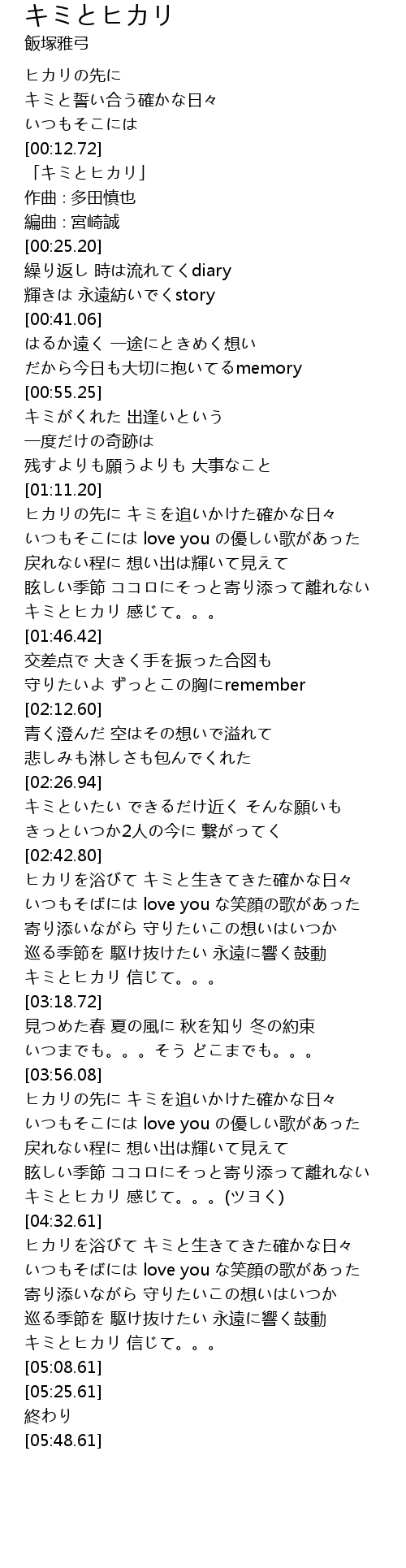 | [03:13.56] | キミとヒカリ 信じて。。。 |
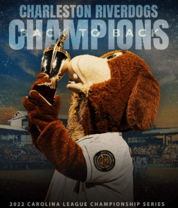 Lynchburg, VA- The Charleston RiverDogs claimed their second consecutive league championship courtesy of a 6-2 win over the Lynchburg Hillcats at Bank of the James Stadium on Tuesday night. Carson Williams and Brock Jones homered and JJ Goss tossed a career-high 6.2 innings in the victory. The RiverDogs finished the postseason with a 4-0 record.
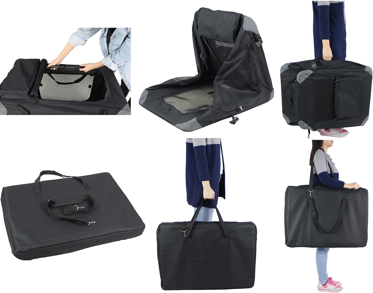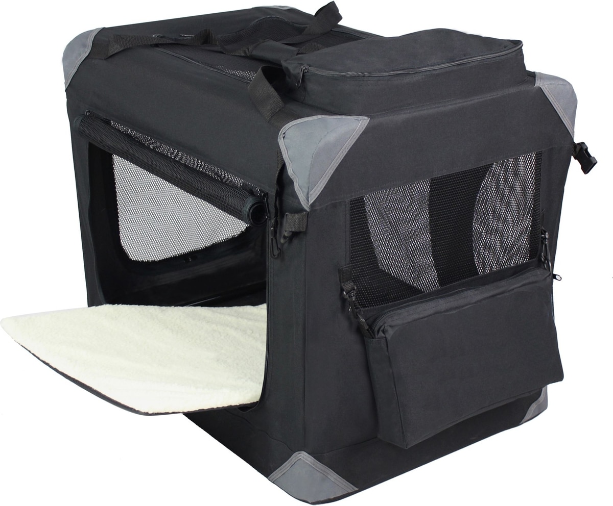 This soft-sided crate is suitable for putting the safety belt through the handle at the bottom of the soft crate.
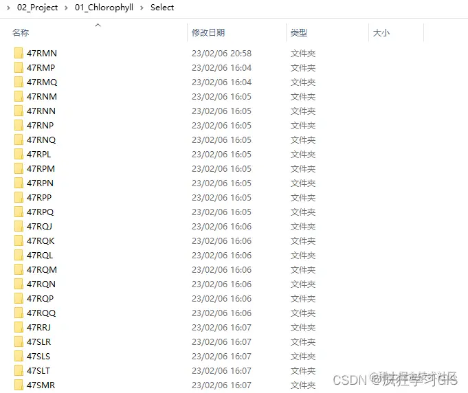 首先,来看一下本文所需实现的需求。如下图所示,现有多个文件夹,其中每一个文件夹内部都含有大量的栅格遥感影像。
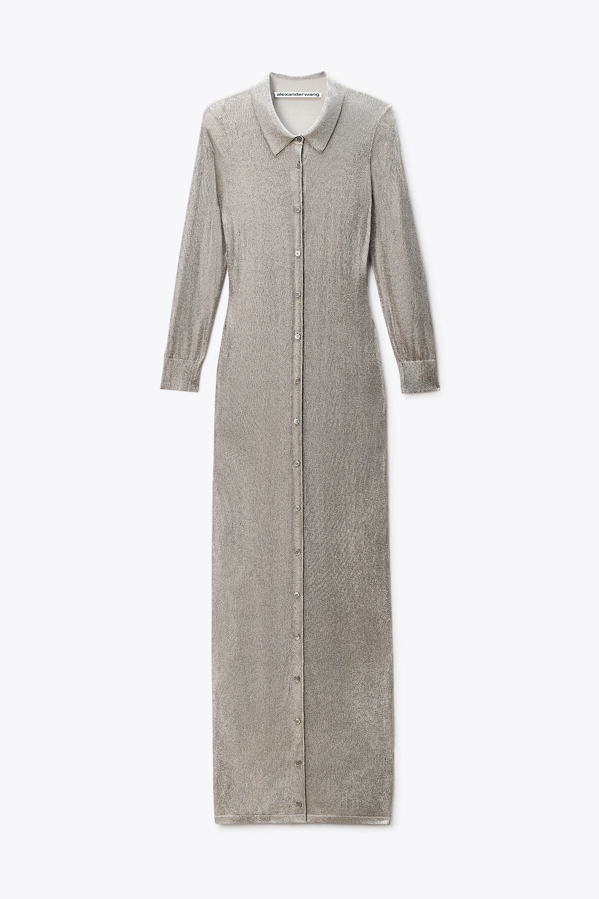 Champagne matte rayon dress crafted in a fine gauge jersey stitch with long sleeves and a button-up polo neckline. Designed with a second-skin fit through the body, this lightweight silhouette is finished with subtle rib trims that frame and define. - polo collar with button placket - long sleeves - hits above the knee - body composition: 100% viscose - model is 5'11" and wears a size s - made in China - 1K4256066255 composition Body: 100%VISCOSE Rib: 77%VISCOSE/21%POLYAMIDE/2%ELASTANE
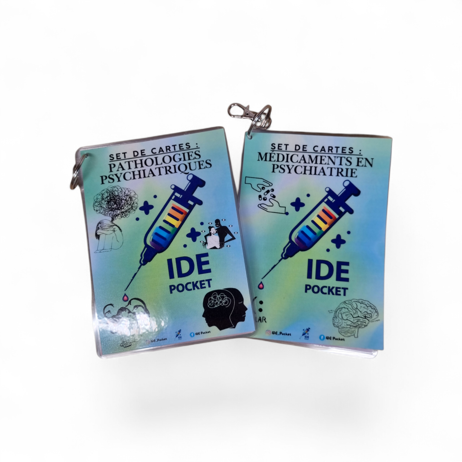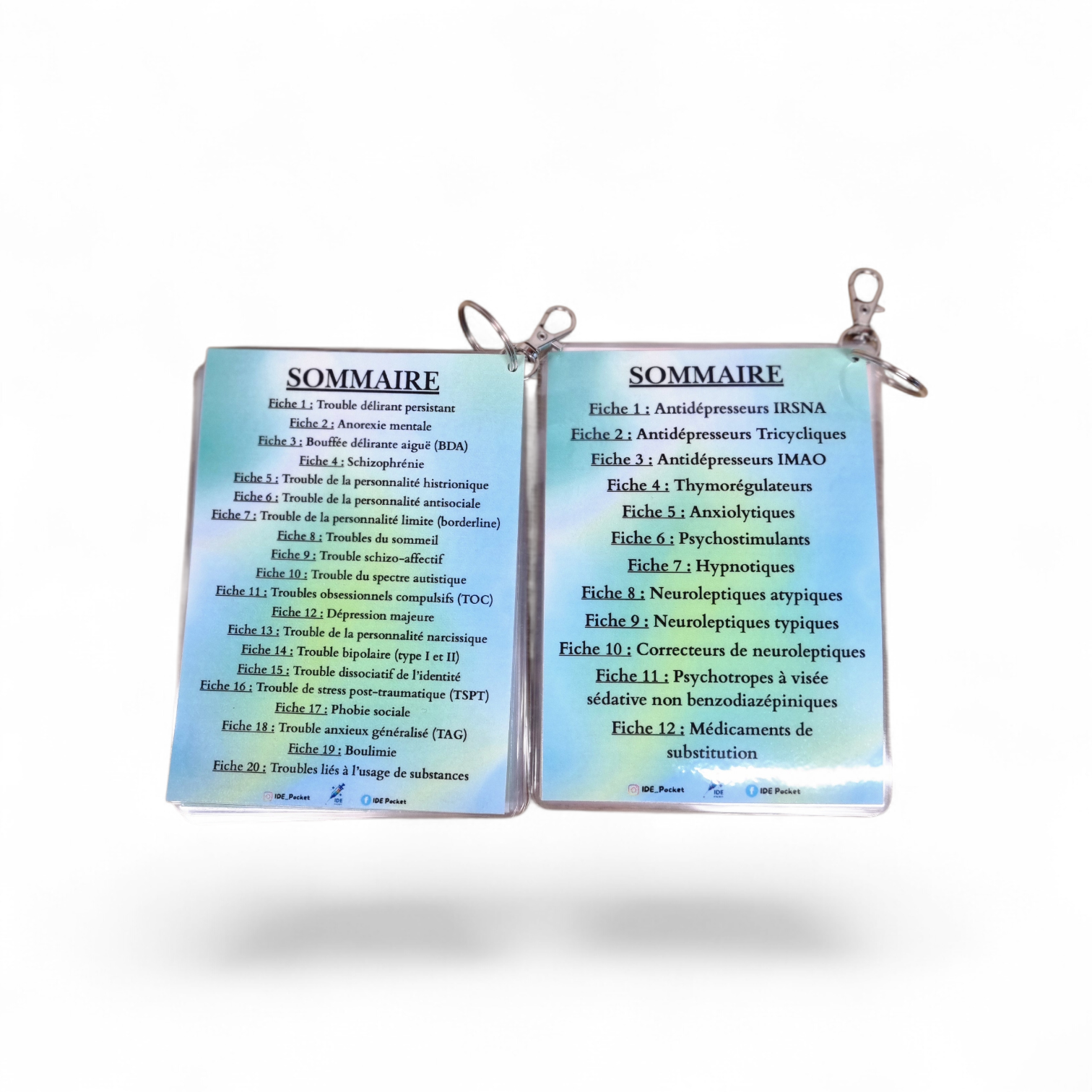 1️⃣ Set Pathologies Psychiatriques (10 cartes recto-verso, format A6, plastifiées, reliées par anneau + crochet)
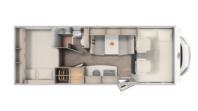 Tous les camping-cars à alcôve sont équipés de cuisines latérales pratiques dont les tiroirs sont dotés de la technologie Servo Soft. Cette technologie garantit une fermeture douce et silencieuse des tiroirs, évitant ainsi les blessures dues aux arêtes tranchantes et aux claquements involontaires. Les glissières robustes et durables résistent à un usage fréquent, ce qui augmente la longévité des cuisines et les rend particulièrement sûres et conviviales.
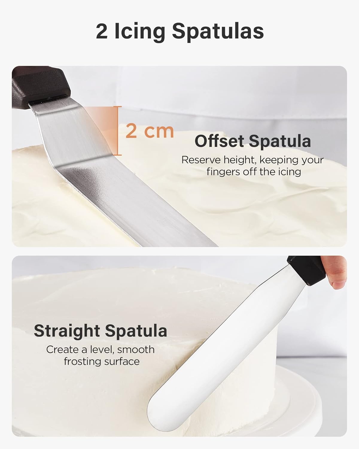- All-in-One Springform Pan & Bakeware Set: Enhance your baking with this complete kit, including a 9-inch springform pan, a 7-inch cheesecake pan, and a 4-inch mini cake pan. It also features essential tools like 30 parchment papers, 2 icing spatulas, 3 smoothers, 1 cake leveler, 12 piping tips, 2 couplers, 50 pastry bags, 40 baking liners, and a cleaning brush. Plus, a User Guide eBook is included to help you master your cake-making skills
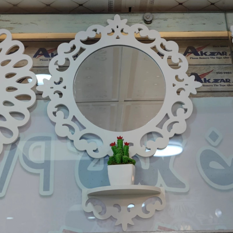 پنجمین طرح از آینه شلف های سایز کوچک طرح نیلوفر با طرحی شلوغ و پر از نقش نگار مناسب برای انواع سلیقه ها و انواع دکوراسیون
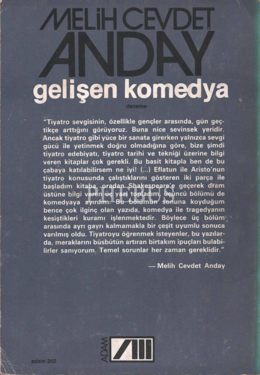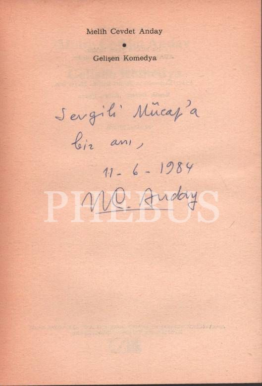 Yazarı Melih Cevdet Anday´dan ithaflı ve imzalı GELİŞEN KOMEDYA, Adam Yayınları, İstanbul 1984, 95 s., 14x19 cm
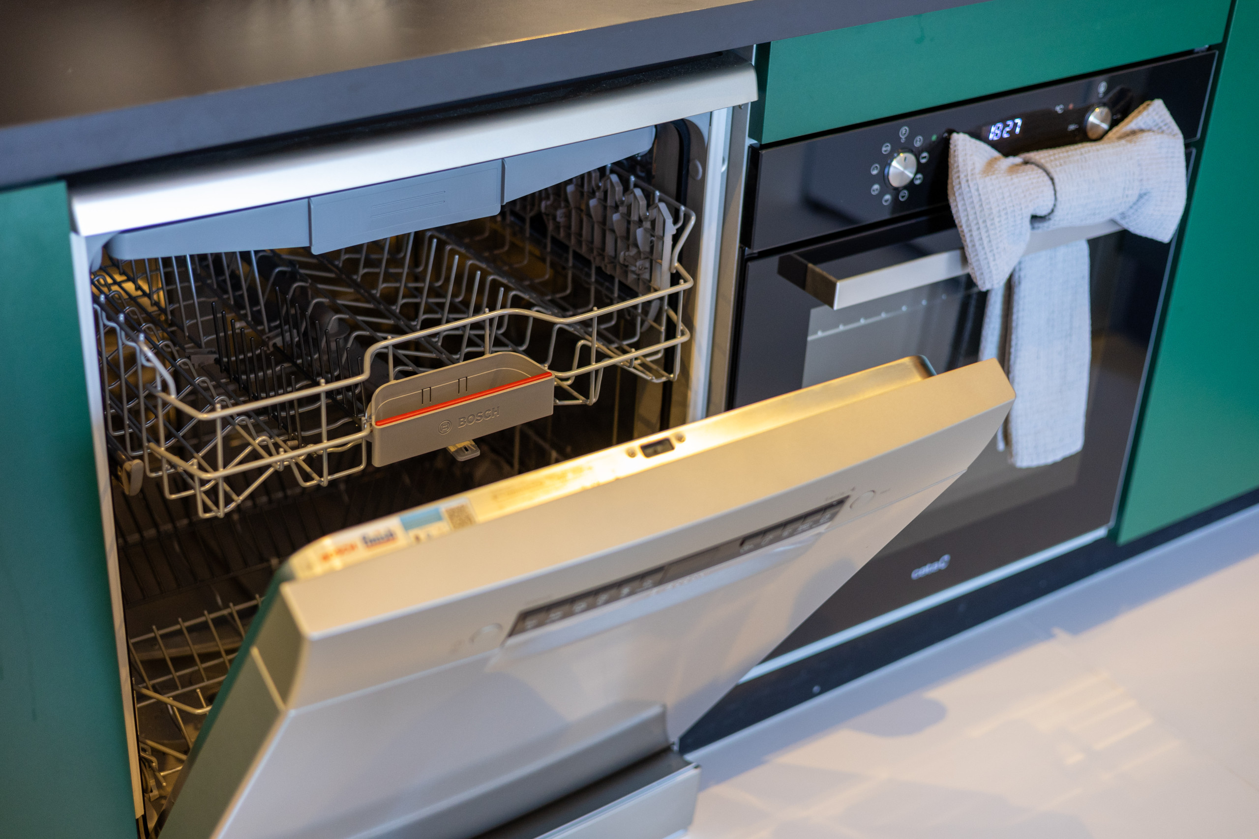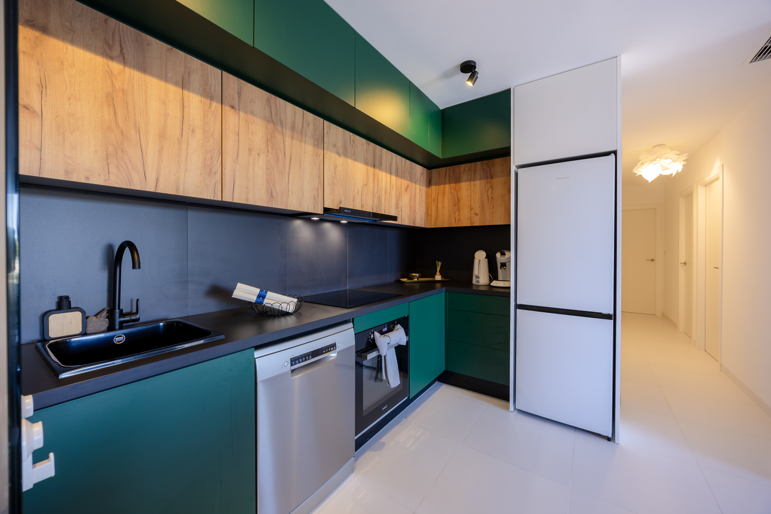 Elegante cocina de concepto abierto con electrodomésticos de calidad (frigorífico, congelador, horno, lavavajillas, cafetera, hervidor y tostadora), además de todos los utensilios necesarios para tu estancia. Dispone de amplio espacio de almacenamiento.

----------------------------------------

Once the pictures are removed, set down what remains of the entries above exactly.

 | [03:13.56] | キミとヒカリ 信じて。。。 |
 Lynchburg, VA- The Charleston RiverDogs claimed their second consecutive league championship courtesy of a 6-2 win over the Lynchburg Hillcats at Bank of the James Stadium on Tuesday night. Carson Williams and Brock Jones homered and JJ Goss tossed a career-high 6.2 innings in the victory. The RiverDogs finished the postseason with a 4-0 record.
 This soft-sided crate is suitable for putting the safety belt through the handle at the bottom of the soft crate.
 首先,来看一下本文所需实现的需求。如下图所示,现有多个文件夹,其中每一个文件夹内部都含有大量的栅格遥感影像。
 Champagne matte rayon dress crafted in a fine gauge jersey stitch with long sleeves and a button-up polo neckline. Designed with a second-skin fit through the body, this lightweight silhouette is finished with subtle rib trims that frame and define. - polo collar with button placket - long sleeves - hits above the knee - body composition: 100% viscose - model is 5'11" and wears a size s - made in China - 1K4256066255 composition Body: 100%VISCOSE Rib: 77%VISCOSE/21%POLYAMIDE/2%ELASTANE
 1️⃣ Set Pathologies Psychiatriques (10 cartes recto-verso, format A6, plastifiées, reliées par anneau + crochet)
 Tous les camping-cars à alcôve sont équipés de cuisines latérales pratiques dont les tiroirs sont dotés de la technologie Servo Soft. Cette technologie garantit une fermeture douce et silencieuse des tiroirs, évitant ainsi les blessures dues aux arêtes tranchantes et aux claquements involontaires. Les glissières robustes et durables résistent à un usage fréquent, ce qui augmente la longévité des cuisines et les rend particulièrement sûres et conviviales.
- All-in-One Springform Pan & Bakeware Set: Enhance your baking with this complete kit, including a 9-inch springform pan, a 7-inch cheesecake pan, and a 4-inch mini cake pan. It also features essential tools like 30 parchment papers, 2 icing spatulas, 3 smoothers, 1 cake leveler, 12 piping tips, 2 couplers, 50 pastry bags, 40 baking liners, and a cleaning brush. Plus, a User Guide eBook is included to help you master your cake-making skills
 پنجمین طرح از آینه شلف های سایز کوچک طرح نیلوفر با طرحی شلوغ و پر از نقش نگار مناسب برای انواع سلیقه ها و انواع دکوراسیون
 Yazarı Melih Cevdet Anday´dan ithaflı ve imzalı GELİŞEN KOMEDYA, Adam Yayınları, İstanbul 1984, 95 s., 14x19 cm
 Elegante cocina de concepto abierto con electrodomésticos de calidad (frigorífico, congelador, horno, lavavajillas, cafetera, hervidor y tostadora), además de todos los utensilios necesarios para tu estancia. Dispone de amplio espacio de almacenamiento.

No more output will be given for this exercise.